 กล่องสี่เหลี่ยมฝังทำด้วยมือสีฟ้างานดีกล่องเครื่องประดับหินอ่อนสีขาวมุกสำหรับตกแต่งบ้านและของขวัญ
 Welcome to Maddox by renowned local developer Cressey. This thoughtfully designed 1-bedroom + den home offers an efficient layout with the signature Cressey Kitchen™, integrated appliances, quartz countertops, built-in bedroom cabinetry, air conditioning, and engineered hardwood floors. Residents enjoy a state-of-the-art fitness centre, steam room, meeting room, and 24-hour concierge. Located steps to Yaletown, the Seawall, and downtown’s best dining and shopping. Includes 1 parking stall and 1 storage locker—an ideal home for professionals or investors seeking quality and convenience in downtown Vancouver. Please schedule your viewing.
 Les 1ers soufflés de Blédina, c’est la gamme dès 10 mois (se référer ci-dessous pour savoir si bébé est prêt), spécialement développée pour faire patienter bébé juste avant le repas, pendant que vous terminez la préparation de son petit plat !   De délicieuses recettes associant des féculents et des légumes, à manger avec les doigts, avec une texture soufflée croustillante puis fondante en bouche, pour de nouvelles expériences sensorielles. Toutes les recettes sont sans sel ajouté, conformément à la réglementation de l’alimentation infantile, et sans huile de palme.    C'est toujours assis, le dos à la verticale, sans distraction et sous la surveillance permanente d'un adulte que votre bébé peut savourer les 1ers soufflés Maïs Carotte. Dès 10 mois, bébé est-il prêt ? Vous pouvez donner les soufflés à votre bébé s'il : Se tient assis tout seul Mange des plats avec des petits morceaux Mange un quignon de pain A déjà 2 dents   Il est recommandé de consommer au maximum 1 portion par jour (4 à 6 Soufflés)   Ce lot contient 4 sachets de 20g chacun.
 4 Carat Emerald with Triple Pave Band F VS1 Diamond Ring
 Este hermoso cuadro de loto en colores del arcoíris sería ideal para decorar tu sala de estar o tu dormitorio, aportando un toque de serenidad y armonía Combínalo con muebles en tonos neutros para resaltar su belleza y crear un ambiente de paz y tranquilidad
::::::
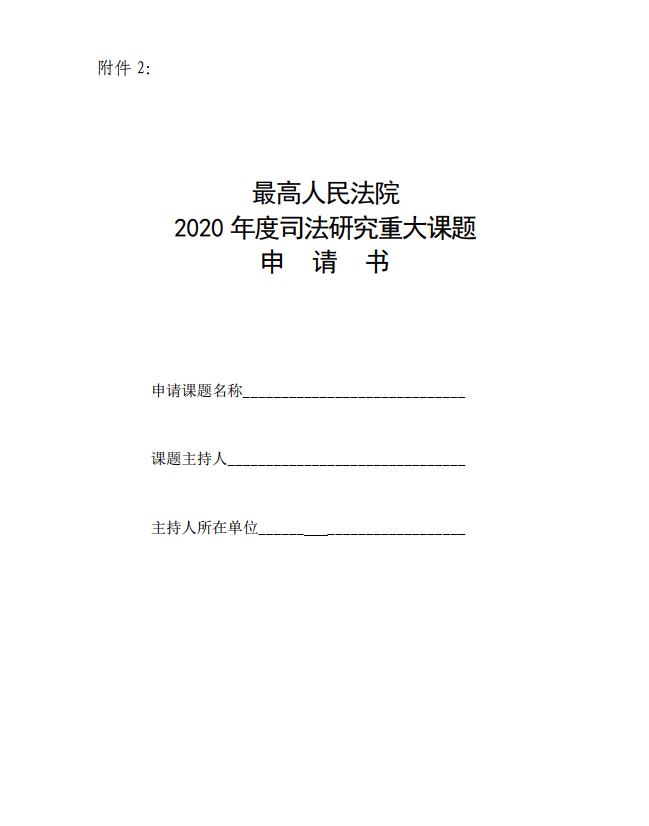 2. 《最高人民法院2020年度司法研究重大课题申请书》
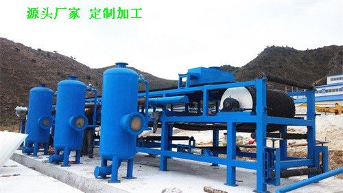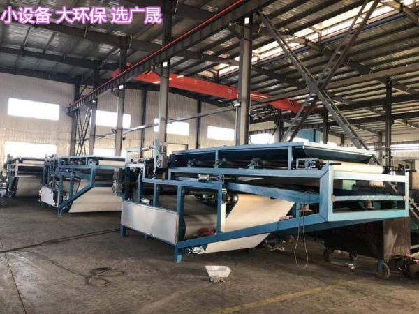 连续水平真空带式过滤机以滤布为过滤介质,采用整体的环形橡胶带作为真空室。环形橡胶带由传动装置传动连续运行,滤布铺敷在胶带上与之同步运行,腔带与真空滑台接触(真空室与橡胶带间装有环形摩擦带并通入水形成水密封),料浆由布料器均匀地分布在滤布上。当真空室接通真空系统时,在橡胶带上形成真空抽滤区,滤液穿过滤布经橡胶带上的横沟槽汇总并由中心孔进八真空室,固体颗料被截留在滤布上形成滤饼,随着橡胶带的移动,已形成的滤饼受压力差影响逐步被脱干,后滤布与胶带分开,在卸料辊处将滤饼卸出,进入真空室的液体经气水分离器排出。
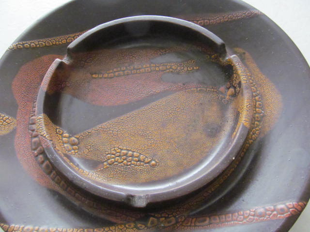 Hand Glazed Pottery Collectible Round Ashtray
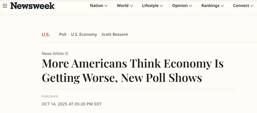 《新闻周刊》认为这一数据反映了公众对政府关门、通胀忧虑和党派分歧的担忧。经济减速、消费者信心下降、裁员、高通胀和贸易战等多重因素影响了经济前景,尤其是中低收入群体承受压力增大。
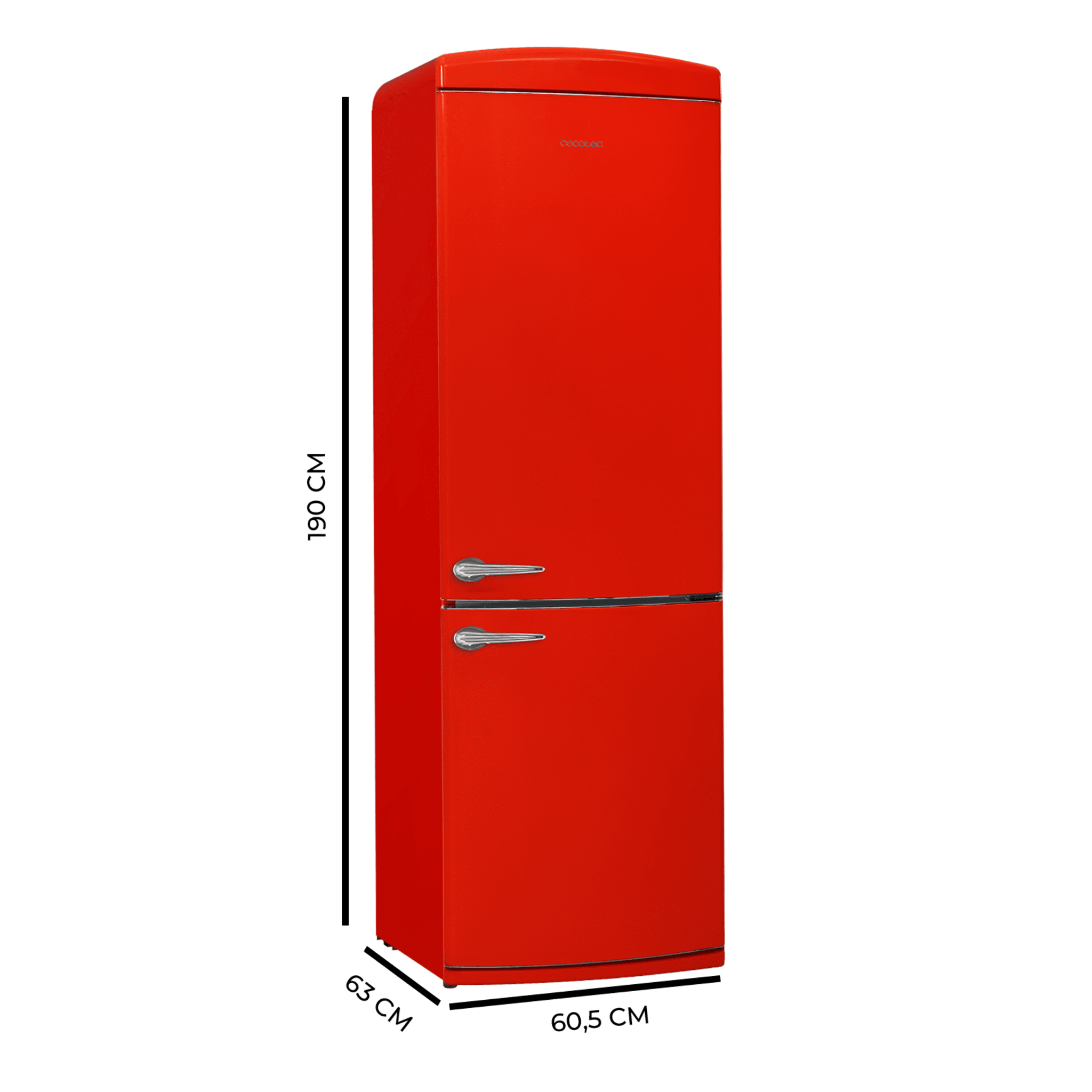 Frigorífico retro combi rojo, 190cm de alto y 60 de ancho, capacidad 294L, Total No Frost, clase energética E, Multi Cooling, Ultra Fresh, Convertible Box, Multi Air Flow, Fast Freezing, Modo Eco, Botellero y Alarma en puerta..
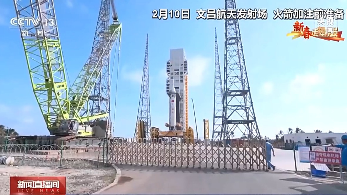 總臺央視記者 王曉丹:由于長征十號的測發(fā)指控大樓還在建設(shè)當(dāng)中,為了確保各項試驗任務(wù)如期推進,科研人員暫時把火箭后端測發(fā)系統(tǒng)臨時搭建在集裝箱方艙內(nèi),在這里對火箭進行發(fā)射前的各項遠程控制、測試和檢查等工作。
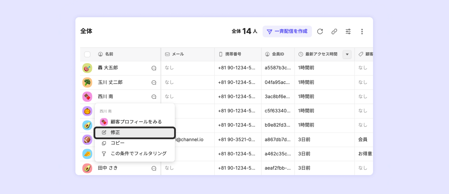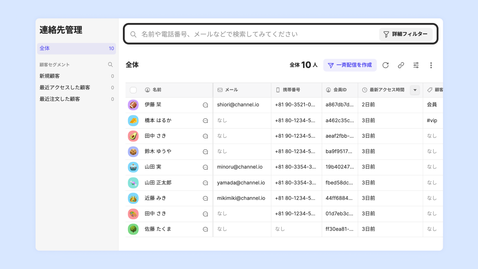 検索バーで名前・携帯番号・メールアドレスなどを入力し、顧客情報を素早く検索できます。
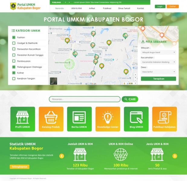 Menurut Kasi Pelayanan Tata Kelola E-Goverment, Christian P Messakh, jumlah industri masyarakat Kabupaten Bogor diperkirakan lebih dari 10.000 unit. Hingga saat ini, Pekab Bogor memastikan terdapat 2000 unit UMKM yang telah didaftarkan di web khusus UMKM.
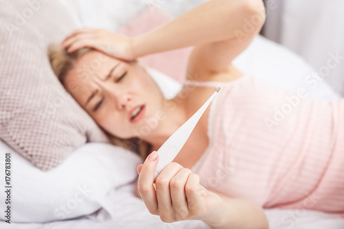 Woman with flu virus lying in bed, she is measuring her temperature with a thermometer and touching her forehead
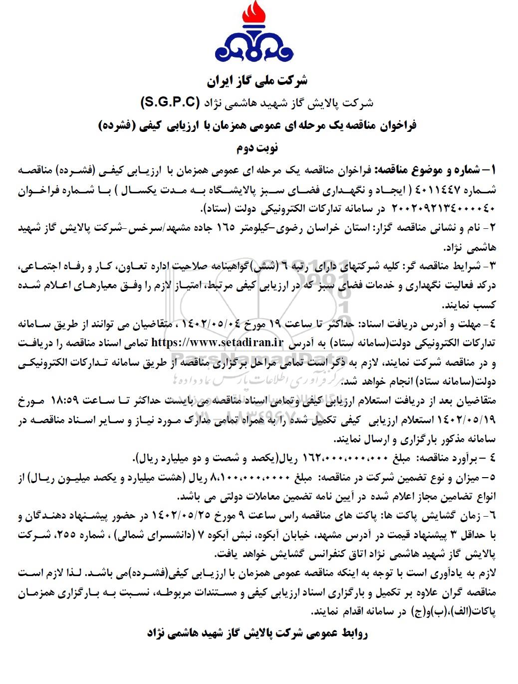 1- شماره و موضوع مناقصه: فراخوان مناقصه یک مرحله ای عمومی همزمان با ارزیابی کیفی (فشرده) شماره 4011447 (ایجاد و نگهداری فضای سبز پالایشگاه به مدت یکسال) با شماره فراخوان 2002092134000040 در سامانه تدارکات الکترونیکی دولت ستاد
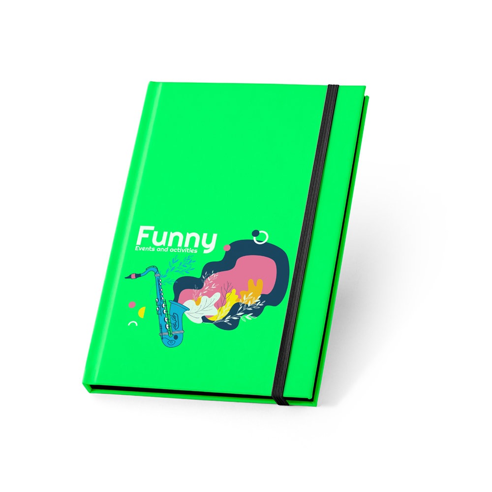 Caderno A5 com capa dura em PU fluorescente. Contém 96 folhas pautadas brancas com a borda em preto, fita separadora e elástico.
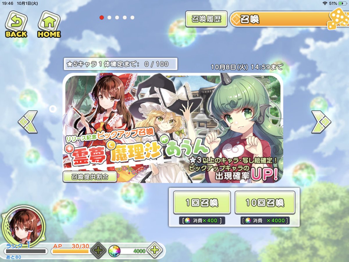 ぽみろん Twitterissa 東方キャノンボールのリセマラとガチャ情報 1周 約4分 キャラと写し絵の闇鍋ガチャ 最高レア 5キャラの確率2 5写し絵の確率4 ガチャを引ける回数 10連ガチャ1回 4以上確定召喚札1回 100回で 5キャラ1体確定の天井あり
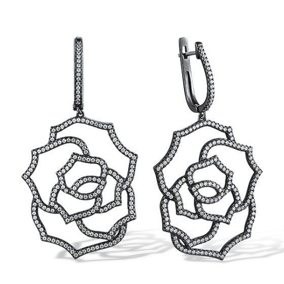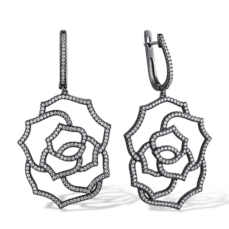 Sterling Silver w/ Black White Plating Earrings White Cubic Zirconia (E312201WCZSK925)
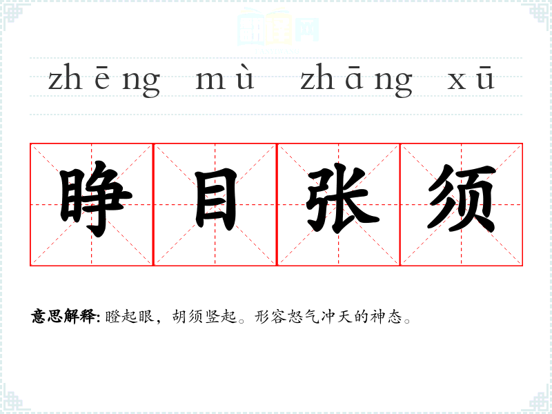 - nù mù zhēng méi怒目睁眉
::::::
## AIM OF THE EXERCISE
Reproduce exactly the lines above from the line with "4 Carat Emerald" to the line with "Este hermoso cuadro", including both, and add nothing.

## SOLUTION TO THIS EXERCISE
 4 Carat Emerald with Triple Pave Band F VS1 Diamond Ring
 Este hermoso cuadro de loto en colores del arcoíris sería ideal para decorar tu sala de estar o tu dormitorio, aportando un toque de serenidad y armonía Combínalo con muebles en tonos neutros para resaltar su belleza y crear un ambiente de paz y tranquilidad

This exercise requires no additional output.